I am very pleased to be home. Even without reading nooks and gold curtains. No ghosts here. Even Eloise Driscoll is gone.
FRIDAY 21st APRIL
I talked to Ria today. ‘How are you?’ I asked and she said, ‘Tits deep in a new commission – the musical version of I Capture the Castle.
‘Oh my GOD. Tell me you’re not joking. How perfect.’
‘Come over and help. It’s killing me.’
‘I can hear Cassandra’s Midsummer’s Eve song already.’
‘Pack your bags. I’ll book the flight.’
‘You’d have to bring in some panpipes for the beautiful, enigmatic Topaz. I love her. And I love that you’re giving these characters a musical adaptation, they truly deserve it. Some don’t, you know – some characters.’

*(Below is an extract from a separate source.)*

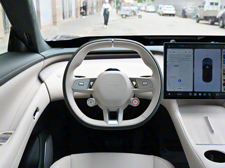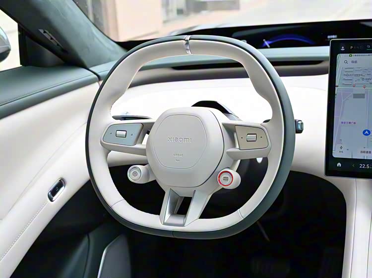 YU7车内座舱采用环抱式布局,主副驾之间的功能分区更为清晰,座舱中控区域取消实体挡把,功能整合在触控系统和方向盘两侧拨杆中,释放前排储物空间。前排标配三块Mini LED联屏,横向总长度达到1.1米,屏幕亮度峰值为1200nits,配合HUD系统,实现较完整的驾驶信息分布。

‘I’m very serious, Helen. I’ll fetch you over myself if I have to. I haven’t slept properly for weeks, I need you. And you, your character needs a musical adaptation. Another one. Come on.’
‘Stop, Ria. Please …’
‘But just think,’ said Ria in an exaggerated English accent, ‘what Cassandra could do for you. She said it, didn’t she? If you make yourself write, you might find out what is wrong with you. We could do Jane Eyre too one day.’
‘Shut up, Gloria, or I’ll tell everyone your real name.’
To distract her, I told Ria all about the Brynkirra trip. About Fezzle and Thursey and elderly ghosts and Rodney and the painted albatross. She laughed her head off and said, ‘I bloody love Tasmania. This sort of shit doesn’t happen anywhere else in the world. Hilarious.’